• [DESCRIPTION OF THE TASK] A word-for-word copy of the lines below, starting at the line with "Bước qua cổng" and ending at the last one, is what you should give. Omit every picture.

• [SUPPLIED MATERIAL]
Content starts

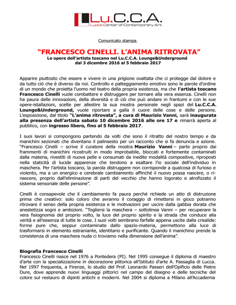 Comunicato stampa “FRANCESCO CINELLI. L’ANIMA RITROVATA” Le opere dell’artista toscano nel Lu.C.C.A. Lounge&Underground dal 3 dicembre 2016 al 5 febbraio 2017 Apparire piuttosto che essere e vivere in una prigione ovattata che ci protegge dal dolore e da tutto ciò che è diverso da noi. Controllo e patteggiamento emotivo sono le parole d’ordine di un mondo che proietta l’uomo nel teatro della propria esistenza, ma che l’artista toscano Francesco Cinelli vuole combattere e distruggere per tornare alla vera essenza. Cinelli non ha paura delle innovazioni, della diversità e di ciò che può andare in frantumi e con le sue opere-istallazioni, scelte per allestire la sua mostra personale negli spazi del Lu.C.C.A. Lounge&Underground, vuole riportare a galla il cuore delle cose e delle persone. L’esposizione, dal titolo “L’anima ritrovata”, a cura di Maurizio Vanni, sarà inaugurata alla presenza dell’artista sabato 10 dicembre 2016 alle ore 17 e rimarrà aperta al pubblico, con ingresso libero, fino al 5 febbraio 2017. I suoi lavori si compongono partendo da volti che sono il ritratto del nostro tempo e da manichini sezionati che diventano il palinsesto per un racconto che si fa denuncia e azione. “Francesco Cinelli – scrive il curatore della mostra Maurizio Vanni – parte proprio dai frammenti di manichini ricostruiti in modo improbabile, bloccati e fortemente contaminati dalla materia, rivestiti di nuova pelle e consumati da inedite modalità compositive, riproposti nella staticità di lucide apparenze che tendono a esaltare l’io sociale dell’individuo in maschera. Per l’artista toscano, la parola distruggere non corrisponde a qualcosa di furioso e violento, ma a un energico e cerebrale cambiamento affinché il nuovo possa nascere, o rinascere, proprio dall’eliminazione di parti del vecchio che hanno logorato e atrofizzato il sistema sensoriale delle persone”. Cinelli è consapevole che il cambiamento fa paura perché richiede un atto di distruzione prima che creativo: solo coloro che avranno il coraggio di rimettersi in gioco potranno ritrovare il senso della propria esistenza e le motivazioni per uscire dalla gabbia dorata che anestetizza sogni e ambizioni. “Togliersi la maschera – sottolinea Vanni – per recuperare la vera fisiognomia del proprio volto, la luce del proprio spirito e la strada che conduce alla verità e all’essenza di tutte le cose. I suoi volti sembrano farfalle appena uscite dalla crisalide: forme pure che, seppur contaminate dallo spazio-materia, permettono alla luce di trasformarsi in elemento estraniante, identitario e purificante. Quando il manichino prende la consistenza di una maschera nuda ci troviamo nella dimensione dell’anima”. Biografia Francesco Cinelli Francesco Cinelli nasce nel 1976 a Pontedera (PI). Nel 1995 consegue il diploma di maestro d’arte con la specializzazione in decorazione pittorica all’Istituto d'arte A. Passaglia di Lucca. Nel 1997 frequenta, a Firenze, lo studio del Prof. Leonardo Passeri dell’Opificio delle Pietre Dure, dove apprende nuovi linguaggi pittorici nel campo del disegno e delle tecniche del colore sul restauro di dipinti antichi e moderni. Nel 2004 si diploma a Milano all’Accademia Vetrinistica Italiana. Inizia a lavorare nel campo del fashion-design e della vetrinistica. Si avvicina al mondo del teatro, seguendo stage di performance e di scenografia teatrale al Centro Arti Performative Elan Frantoio di Fucecchio (FI). Nel 2005 segue corsi di decorazione pittorica del Prof. Alberto Garutti all’Accademia di Brera (MI). Nel 2010 viene menzionato come artista italiano, al “Premio Internazionale Limen Arte”, alla Camera di Commercio di Vibo Valentia, dallo storico e critico d’arte Giorgio Di Genova. Nel 2011 il critico d’arte Nicola Micieli lo seleziona tra i cinquanta artisti toscani al Museo Galleria d’Arte Moderna e Contemporanea Raffaele De Grada di San Gimignano (SI). Segue master di scenografia teatrale all’Accademia Sperimentale di Regia a Bellusco (MB). Sempre in questo anno, pubblica il suo primo lavoro monografico La scatola nera della nostra vita (Petrartedizioni). Nel 2013 espone al Museo d’Arte e Scienza di Milano alla prima edizione di Otto Sguardi d’Autore curata da Alberto Moioli per l’Enciclopedia d’Arte Italiana. Nel 2014 partecipa alla rassegna d’arte contemporanea Imagine 2014. Le sue opere sono esposte insieme a quelle di artisti come Andy Warhol, Roy Lichtenstein, Mario Schifano, Tano Festa, Marco Lodola ed altri importanti interpreti del panorama artistico italiano. Nel 2015 è presente alla mostra d’arte contemporanea L’arte e il tempo, evento ufficiale di Milano Expo 2015, al Palazzo Giureconsulti a Milano. Al “Premio Internazionale Limenarte 2015” partecipa all’evento di inaugurazione in qualità di artista-scenografo, ideando una performance dal titolo Legalità: Contaminazioni di luce e movimento . Alcune sue opere sono state acquisite dal Museo Galleria d’arte Moderna e Contemporanea Raffaele De Grada di San Gimignano e dal Museo d’arte Contemporanea della Camera di Commercio di Vibo Valentia (Polo Museale della Regione Calabria). Si contano diverse pubblicazioni tra cui Premio Internazionale Limenarte 2010 (Romano Arti Grafiche), Ricognizione Toscana (Bandecchi e Vivaldi), Enciclopedia d’Arte Italiana (Edizioni Enciclopedia d’Arte Italiana), Spoleto International Art Fair 2013 (Editoriale Giorgio Mondadori), Analisi critica. Dalla tradizione classica al fascino dell’avanguardia (Edizioni Il quadrato), Imagine 2014 (Industria Grafica Valdarnese), Percorsi d’arte in Italia (Rubettino Editore), Le scelte di Puntelli. Il tempo infinito dell’arte (Editoriale Giorgio Mondadori), L’arte e il Tempo (Editoriale Giorgio Mondadori), Premio Internazionale Limenarte 2015 (Romano Arti Grafiche). MOSTRA “FRANCESCO CINELLI. L’ANIMA RITROVATA” Lu.C.C.A. Lounge&Underground dal 3 dicembre 2016 al 5 febbraio 2
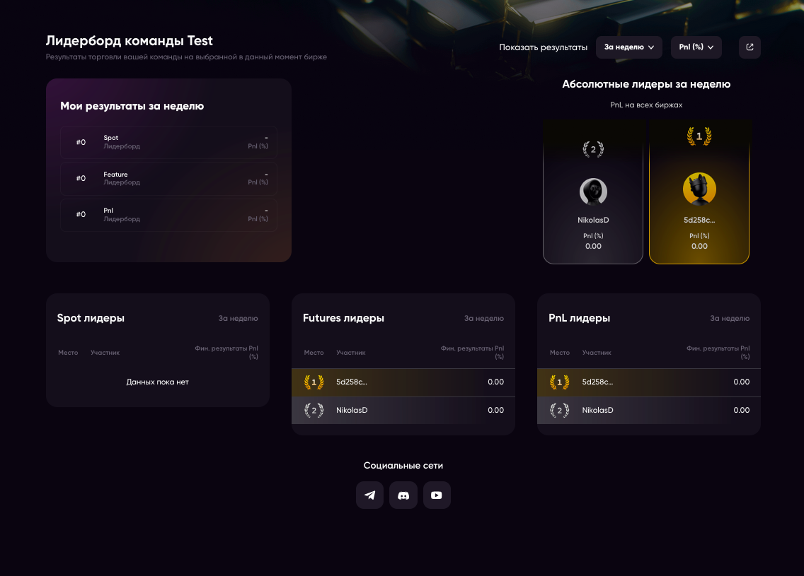 * **PnL-лидеры** — место в рейтинге и чистая прибыль.
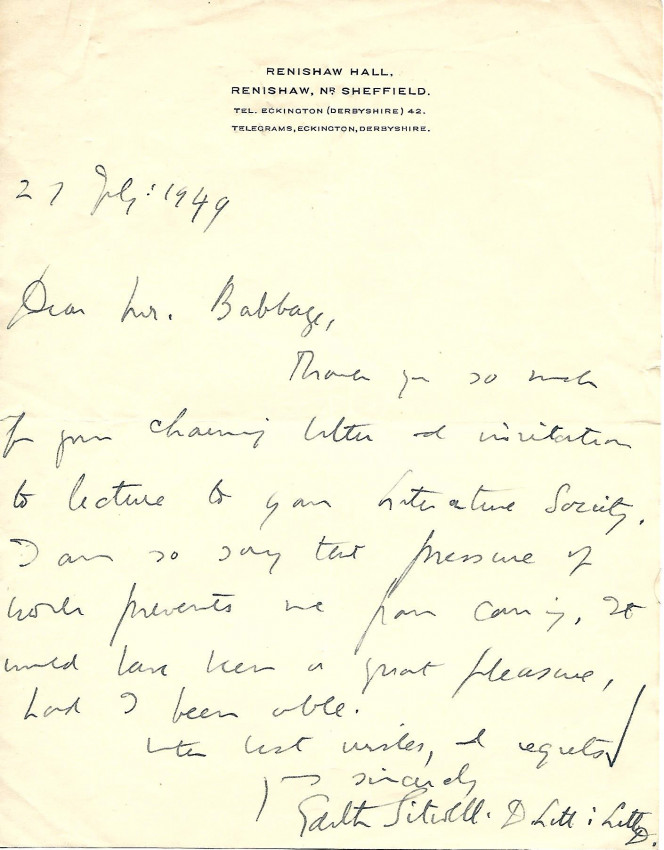 4. Edith Sitwell. c40 word autograph letter signed on a Renishaw Hall letterhead dated 27 July: 1949, declining an invitation to lecture to the Literature Society.
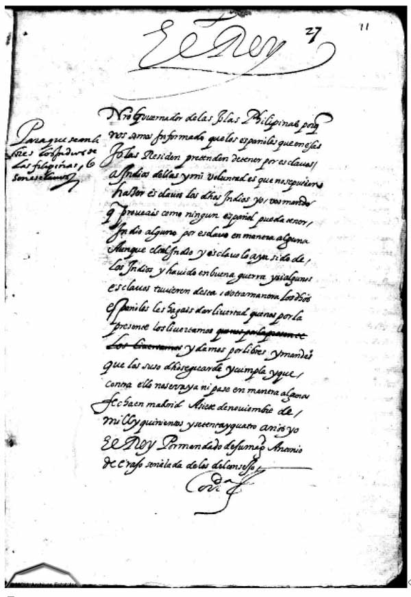 La Esclavitud en las Islas Filipinas Juan Hernández Hortigüela Afirmar que la esclavitud fue uno de los grandes negocios de los países denominados civilizados, hasta finales del siglo XIX, no es descabellado. España, para nuestro desdoro histórico, fue el último país europeo en legislar la abolición total de ese ignominioso tráfico de ébano: la esclavitud. Un decreto del mes de octubre del año 1886, que suprimía el Patronato, terminó con la esclavitud en Cuba, último reducto esclavista de España. Previamente, en el año 1873, se había abolido la esclavitud en nuestra colonia de Puerto Rico. La famosa Ley Moret fue la antorcha legislativa, desde el año 1870 al año 1886 (con la fuerte oposición de la Liga Nacional y del Círculo Hispano-Ultramarino, presidido por el Marqués de Manzanedo) que encendió la luz final de la abolición. Pero, curiosamente, las leyes de abolición no se refirieron nunca a Filipinas; no hacía falta, en Filipinas se había abolido la esclavitud casi trescientos años antes .....Cierto es que España se apuntó, a principios del siglo XIX, a legislar a favor de la anulación del tráfico de esclavos, con objeto de poner impedimentos a la esclavitud, de manera que mediante el Tratado suscrito entre Gran Bretaña y España, el 30 de mayo de 1820, S.M. Católica se obliga a que el tráfico de esclavos quede abolido en todos los dominios de España habilitando cinco meses después de esa fecha para que completen sus viajes los barcos ya en navegación. Pero este Tratado fue meramente un testimonio, porque los negreros no cesaron de recorrer los mares y depósitos, con su cargamento de cabezas negras. Además, este Tratado con Gran Bretaña se refería, en principio, al tráfico, no claramente a la abolición definitiva, que llegó bastantes años después a Europa .....Portugal, dominador de las costas de África desde mediados del siglo XV, convirtió a su capital, Lisboa, en el mercado principal de esclavos negros de África, llegando las ventas de estos, en la mitad del siglo XVI, a más de 40.000 cabezas. .....España siguió el mismo camino porque necesitaba esclavos para enviar a América y Filipinas y porque, justo es decirlo, el tráfico de esclavos era un gran negocio. Desde principios del siglo XVI, se importaban 4.000 esclavos destinados a las plantaciones de Santo Domingo. Barón Fontacín estima que pasaron de trescientos mil los esclavos contratados con particulares, hasta finales del citado siglo. .....No sirven ahora, en el siglo XXI, los arrepentimientos históricos, los grandes escritos políticos de las alabanzas abolicionistas, así como otras informaciones a través de la divulgación de filmes anatemizando los horrores de la esclavitud. Todos los países del mundo arrastran su culpabilidad histórica y así debemos aceptarla. Como también hay que aceptar, hoy, para mayor vergüenza e hipocresía de la mayor parte de las naciones del orbe, que otras nuevas formas de esclavitud (trata de mujeres y niñas, esclavitud laboral de niños, inmigración, drogas, etc) imperan como un gran negocio que, hipócritamente, se denuncian pero que sigue su escalada inevitable, mientras no se promulguen leyes estrictas y se persiga duramente a los infractores para erradicar esa lacra social y sean capaces de mover la conciencia universal. .....Nadie podrá negar, a estas alturas de la historia universal, que ningún gobierno ni ninguna institución hayan trabajado tanto a favor del esclavo, como la iglesia católica. No ha habido un solo pontífice que no haya condenado la esclavitud. La abolición de la esclavitud debe ser considerada como una gran obra del cristianismo. Así lo han reconocido intelectuales de opiniones y credos políticos diferentes. Un gran ejemplo de lo anteriormente escrito se cumplió en las Islas Filipinas. Al poco tiempo de llegar los primeros religiosos agustinos, comenzaron a denunciar la esclavitud de los naturales, consentida por las autoridades civiles, cuyos amos eran los españoles y los propios indios, esclavistas éstos como hábito social extendido desde la época prehispánica. Las denuncias llegaban al rey mediante cartas que le enviaban los religiosos agustinos. .....Fr. Juan de Alva, agustino de casi setenta años, que llegó a Filipinas en el año 1569, escribió una carta, el 28 de julio de 1570, al virrey de Nueva España, denunciando la esclavitud y sus efectos perniciosos en las Islas. Es la primera denuncia, dirigida a instancias mayores, acerca del comportamiento de los españoles que habiendo llegado a Filipinas todo su exerçiçio á sido rrovar para comer, pues el governador no les da nada para se mantener de los trivutos que se cojen, y no solo an dado en rrovar pueblos, an quemado cantidad dellos, así destas tres provincias, como de todas las comarcanas a ellas, y lo que es más mal, pareçe an hecho cantidad de esclavos, siendo libres, quitando la hija de su madre y el hijo de su padre (1) (1) AGI, Patronato 24, ramo 9. Transcrito en Patricio Hidalgo Nuchera, Los Primeros de Filipinas, Doc. 33, pág.283. .....Es en el "Memorial de los Religiosos de las Islas de Poniente de cosas que el Padre Fray Diego de Herrera a de tratar con su Majestad o su Consejo Real de Yndias" escrito en el año 1573, para que sea llevado a España por Fr. Diego de Herrera, cuando se presenta la esclavitud de Filipinas con mayor crudeza. El memorial refleja las denuncias que han de hacerse, acerca del comportamiento de los españoles con los indios, Que se da por guerra justa en consejo de guerra, si los yndios dizen que no quieren el amistad de los españoles, o si hazen algún fuerte para defenderse, y a estos matan, cautivan, rovan, queman las casas... .. y en todas estas mataron mucha gente y cautivaron y vendieron por sclavos... Que se da por guerra justa en el consejo de guerra para destruyr un pueblo y hazer sclavos los que pudieren cautivar Que han vendido muchos sclavos, y otros retienen que son mal avidos,
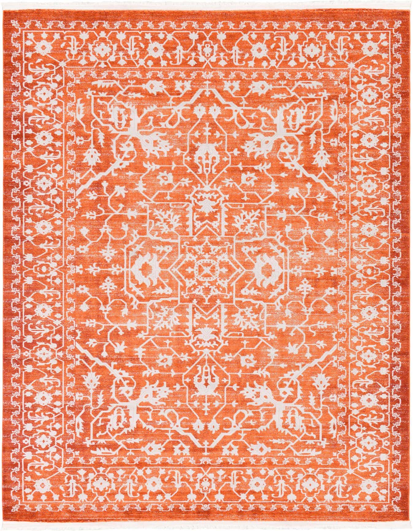 From the Modern Classical collection, this machine-woven 8x11 rug is crafted with meticulous attention to detail using 70% Polypropylene and 30% Polyester, providing both durability and a soft underfoot feel. The design presents a timeless pattern, blending traditional motifs with a fresh, contemporary approach. Set against a rich terracotta background, the ivory accents introduce a sense of warmth and sophistication to any space.
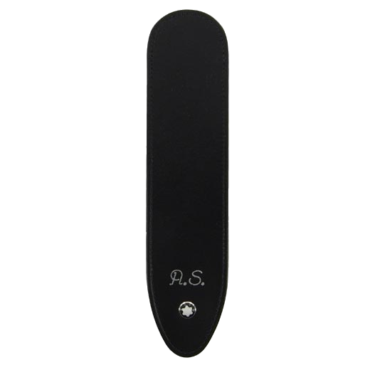 This Montblanc leather pen sleeve has been wonderfully embossed for a present. The pen sleeve has been embossed with a persons initials and has been done using a silver foil transfer to make the letters stand out. The engraving has been completed on the front of this pen case for a discreet but personal gift. The font used on this leather wallet is our Cursive font - a simple font with a nice curve to the lettering.
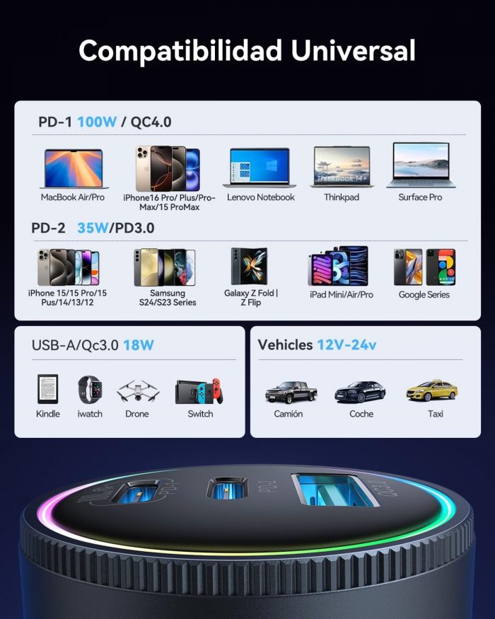 【Universal Solution】Automatic detection of devices (iPhone17/16/15, Samsung S25/S24, phones, laptops, dashcams) with power optimization. Compatible with 12V-24V vehicles (SUVs, trucks, motorhomes) and +100 USB devices. Even with standard 12V vehicle voltage, the adapter generates output up to 20V – ideal solution for charging laptops on long journeys
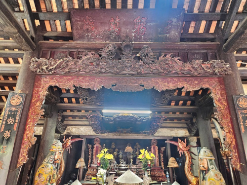 Bước qua cổng tam quan nhuốm màu thời gian, du khách như lạc vào không gian tĩnh tại. Những họa tiết chạm khắc tứ linh, hoa cỏ, rồng chầu mặt nguyệt… được thể hiện tinh xảo, tạo nên vẻ uy nghi, linh thiêng.
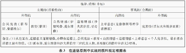 第三,在他律内部的各子类型的划分中,康德增补了两类主观外部的规定根据,亦即教育和公民宪法,使得他律类型表的覆盖面更广,将更多的伦理流派纳入其中。

Content ends

• [ANSWER SECTION]
 Bước qua cổng tam quan nhuốm màu thời gian, du khách như lạc vào không gian tĩnh tại. Những họa tiết chạm khắc tứ linh, hoa cỏ, rồng chầu mặt nguyệt… được thể hiện tinh xảo, tạo nên vẻ uy nghi, linh thiêng.
 第三,在他律内部的各子类型的划分中,康德增补了两类主观外部的规定根据,亦即教育和公民宪法,使得他律类型表的覆盖面更广,将更多的伦理流派纳入其中。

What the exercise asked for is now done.